Promoting the formation of high-oxidation-state transition metal species in a hydroxide catalyst may improve its catalytic activity in the oxygen evolution reaction, which remains difficult to achieve with current synthetic strategies. Herein, we present a synthesis of single-layer NiFeB hydroxide nanosheets and demonstrate the efficacy of electron-deficient boron in promoting the formation of high-oxidation-state Ni for improved oxygen evolution activity. Raman spectroscopy, X-ray absorption spectroscopy, and electrochemical analyses show that incorporation of B into a NiFe hydroxide causes a cathodic shift of the Ni²⁺(OH)₂ → Ni^3+δOOH transition potential. Density functional theory calculations suggest an elevated oxidation state for Ni and decreased energy barriers for the reaction with the NiFeB hydroxide catalyst. Consequently, a current density of 100 mA cm^–2 was achieved in 1 M KOH at an overpotential of 252 mV, placing it among the best Ni-based catalysts for this reaction. This work opens new opportunities in electronic engineering of metal hydroxides (or oxides) for efficient oxygen evolution in water-splitting applications.

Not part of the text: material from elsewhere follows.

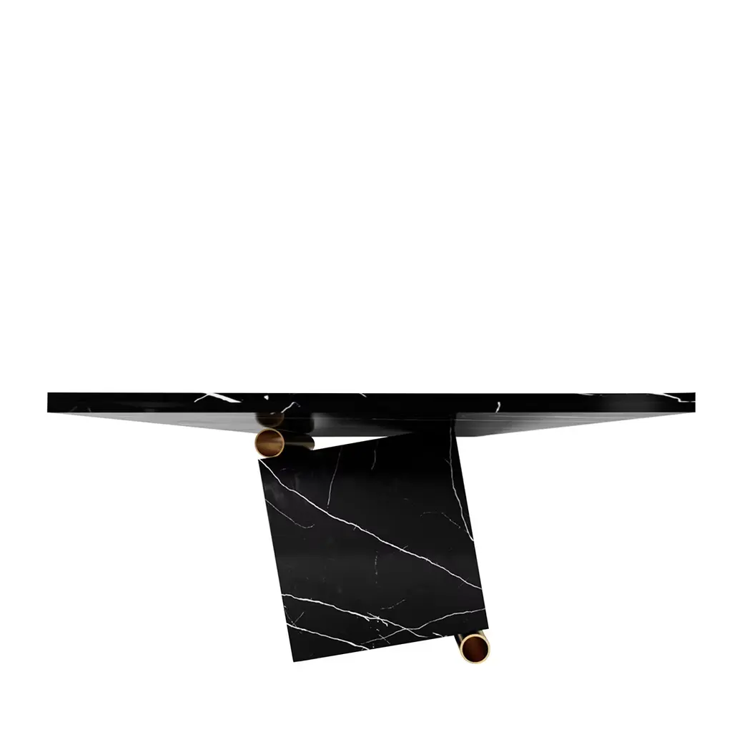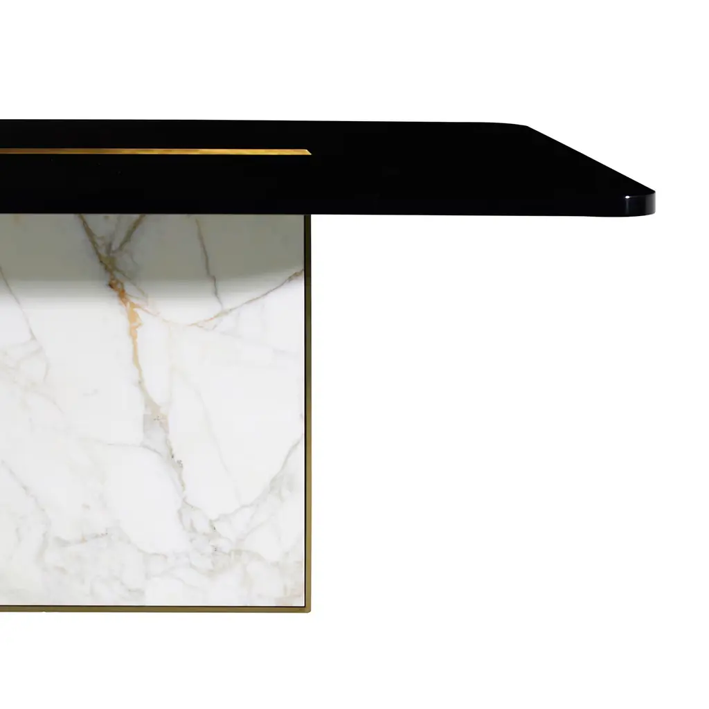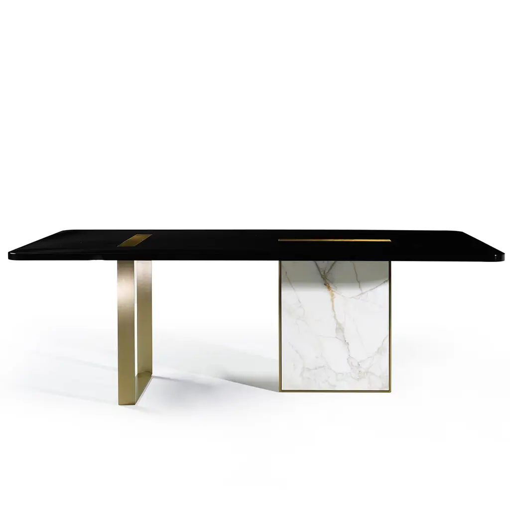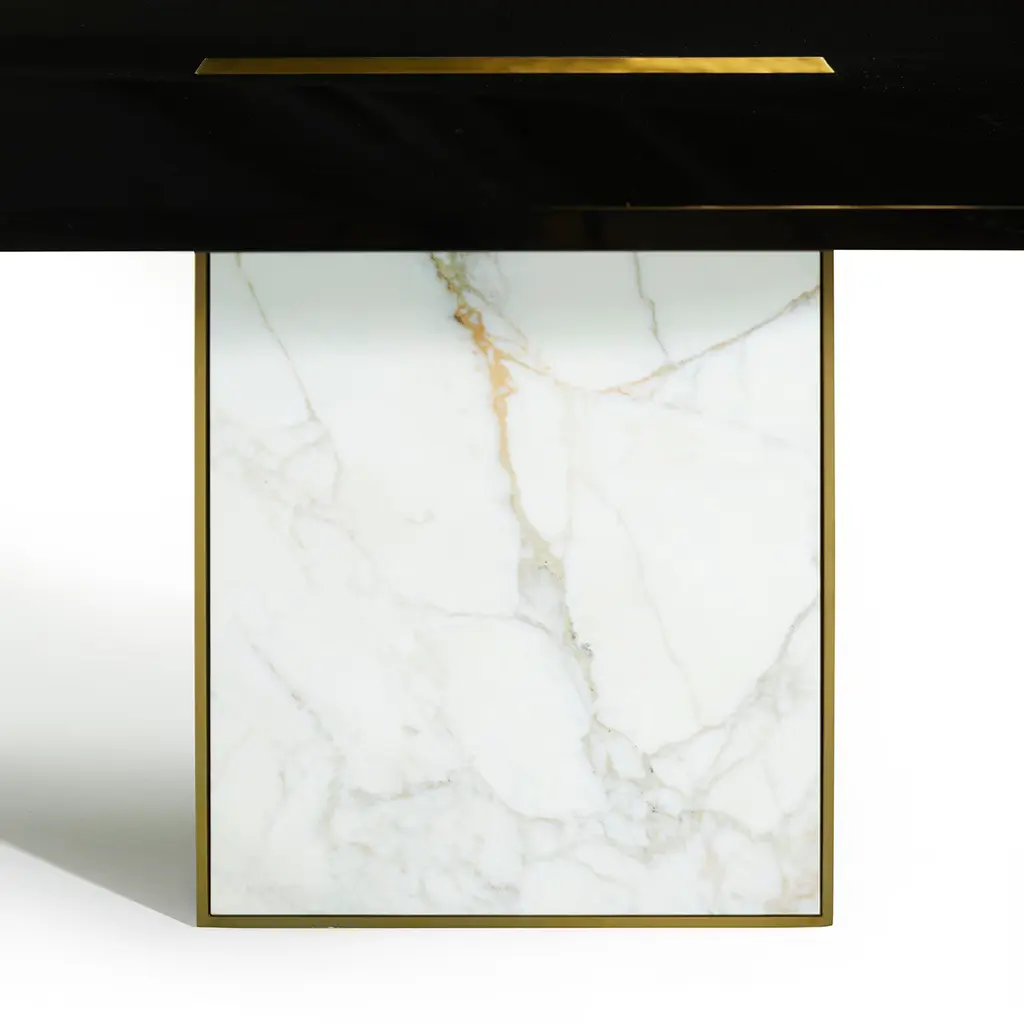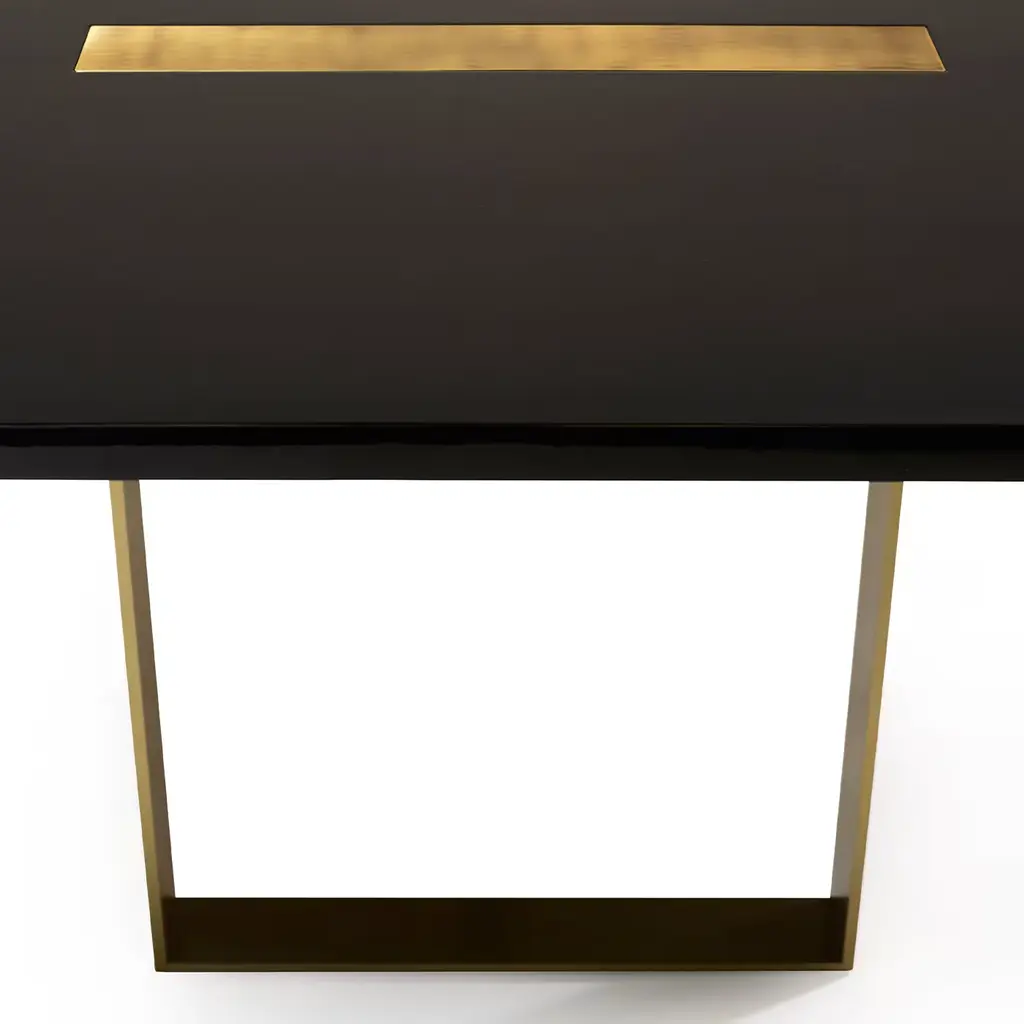 This elegant table, designed by Studio 63 for Marioni, has a lacquered rectangular wooden top with one rectangular brass insert and one rectangular marble and metal insert. These two elements extend downwards serving also as supports for the table. The top is also available in ebony finish and in rosewood. This luxurious materials and the expert craftsmanship used to put them together make this piece a true work or art that will make the perfect addition to any dining room.

促进氢氧化物催化剂中高氧化态过渡金属物种的形成可以提高其在析氧反应中的催化活性，这仍然难以用目前的合成策略实现。在此，我们提出了单层 NiFeB 氢氧化物纳米片的合成方法，并展示了缺电子硼在促进高氧化态 Ni 形成以提高析氧活性方面的功效。拉曼光谱、X 射线吸收光谱和电化学分析表明，将 B 掺入 NiFe 氢氧化物会导致 Ni ²⁺ (OH) ₂  → Ni ^{3+δ的阴极位移}OOH 转换潜力。密度泛函理论计算表明，Ni 的氧化态升高，与 NiFeB 氢氧化物催化剂反应的能垒降低。^{因此，在 252 mV 的过电位下，在 1 M KOH 中实现了 100 mA cm –2}的电流密度，使其成为该反应的最佳镍基催化剂之一。这项工作为金属氢氧化物（或氧化物）的电子工程开辟了新的机会，以在水分解应用中有效地析出氧气。